Maximum Score From Grid Operations | LeetCode 3225 - Python

Added: 2026-05-06

[00:00:00]Hello everyone. I'm Paul and this is Prolan 3,225 maximum score from grid operations. This is a hard one that's very visual. So next I will show you how to solve this visually and then we will go with the code. We are given a grid of size n * n.

[00:00:17]So let's say that we're given this every cell is white initially and in one operation we can select any cell and color black all the cells in the same column starting from the top row down to the current row. So if we pick this cell we can color black all cells in this column starting from row number zero up to the current row. So in one operation all of this is black now. Now we need to get the maximum possible score that we can achieve after some number of operations. And the way to get the corresponding score is we take the sum of all the values that are right next to some cell that's black in the same row.

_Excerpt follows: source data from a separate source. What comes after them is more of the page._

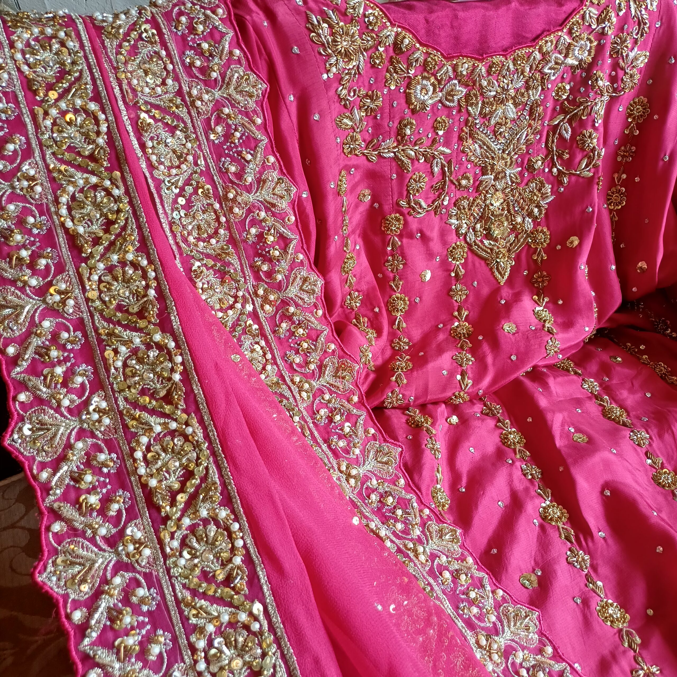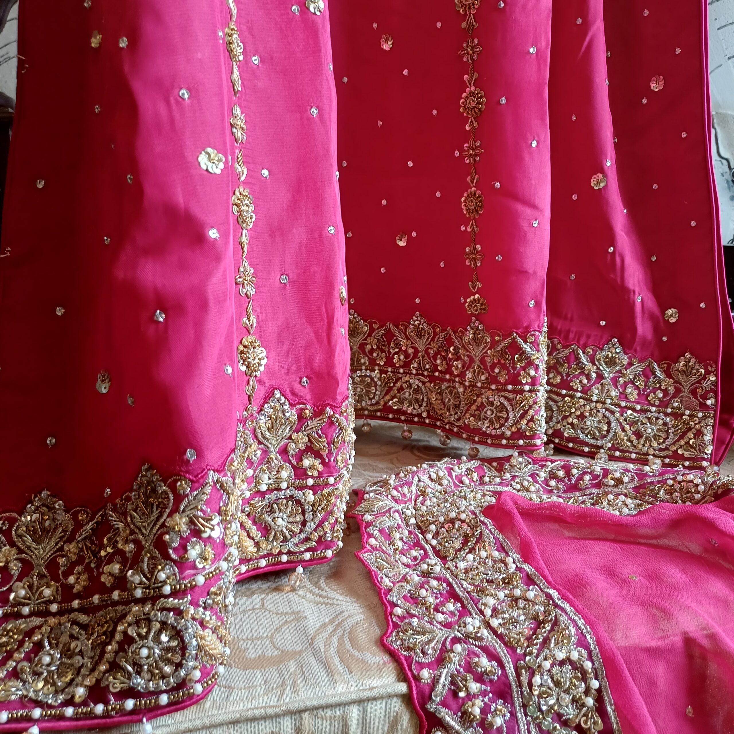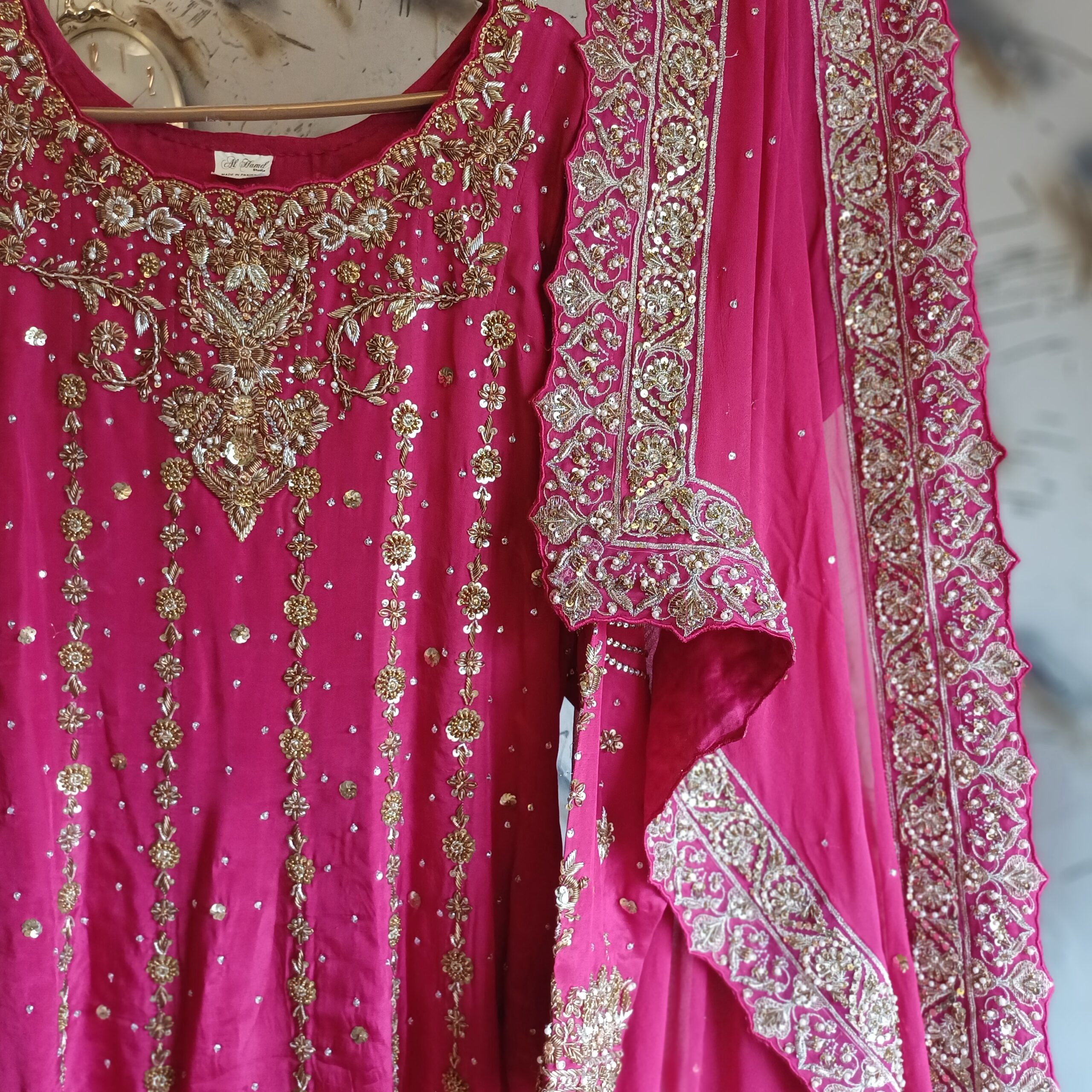 A graceful candy pink A-line shirt, beautifully detailed with hand embroidery on the neckline, sleeves, and daman. The dupatta is fully finished with four-side embroidery and delicate scallops, adding a soft, elegant touch.
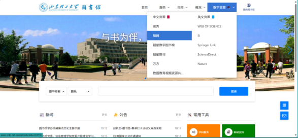 (5)找到知网。找到右上角的“数字资源”,下拉选项找到“知网”点进之后即可登录学校购买的知网资源。
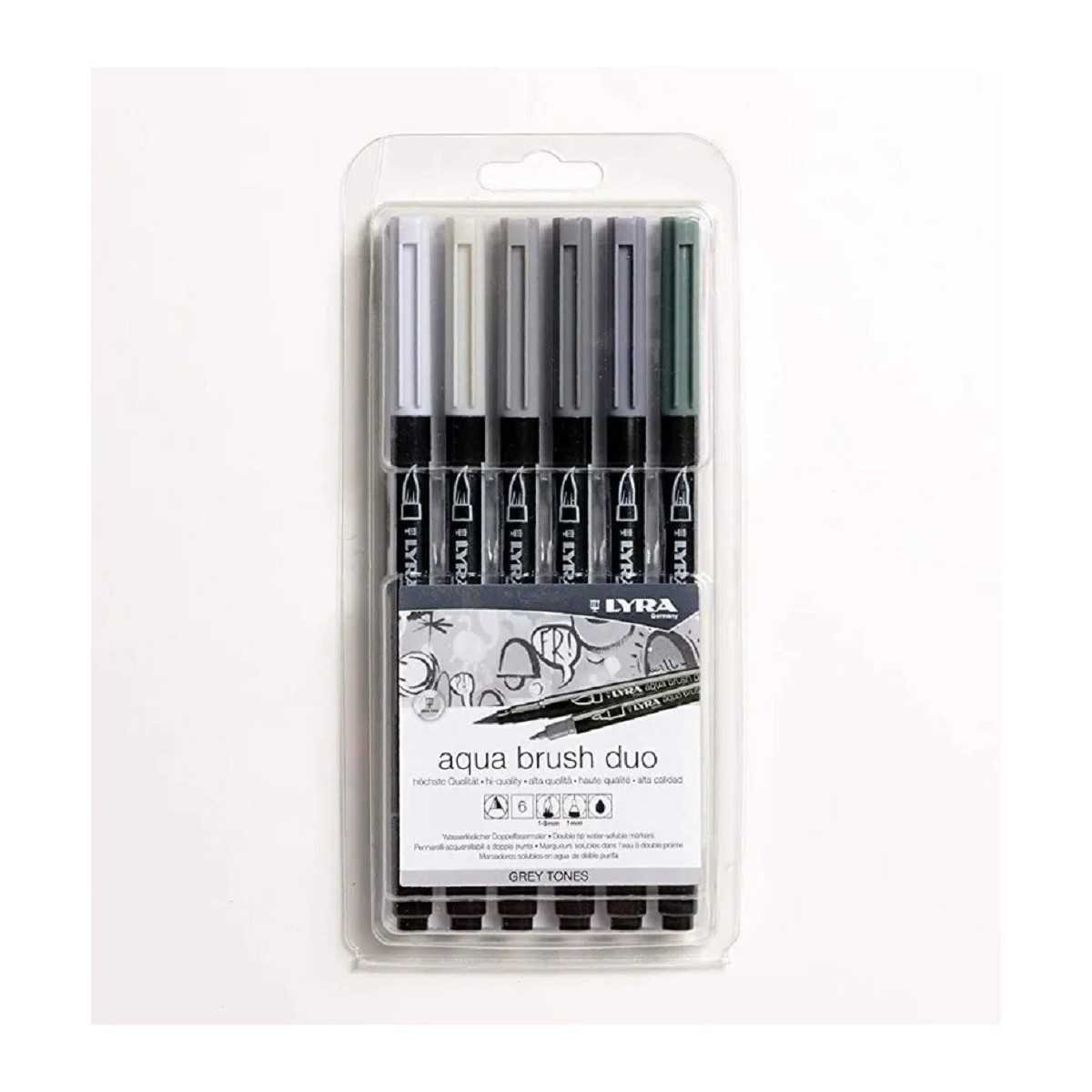 Marcador Acuarelable Aqua Brush Duo Tonos Grises x6 unidades Lyra

[00:01:03]For example, if we're given this example, we can color these cells black.

[00:01:08]We color this black. And the corresponding score is given by the sum of all of these values here. 5 + 3 + 3 is equal to 11. So the result is this.

[00:01:24]The maximum possible score that we can achieve after some number of operations is 11. Let's see this example. And let's say for a moment that we only have one column. So we don't have this. We are looking at this column only. What's the result here? Well, it's zero because the score is the sum of all white cells that are right next to some black cell in the same row. In this row, we have one value. Here we have one value. Here we have one value. So the final result here is zero. Now let's expand this. What if we have two columns? Meaning we don't have this column. If we want to take these three values, we have to paint these three cells. And if we want to take these three values instead, we have to paint these three cells. But there are more possible combinations. What if we are trying to get these two values?

[00:02:19]Well, we should paint these two cells.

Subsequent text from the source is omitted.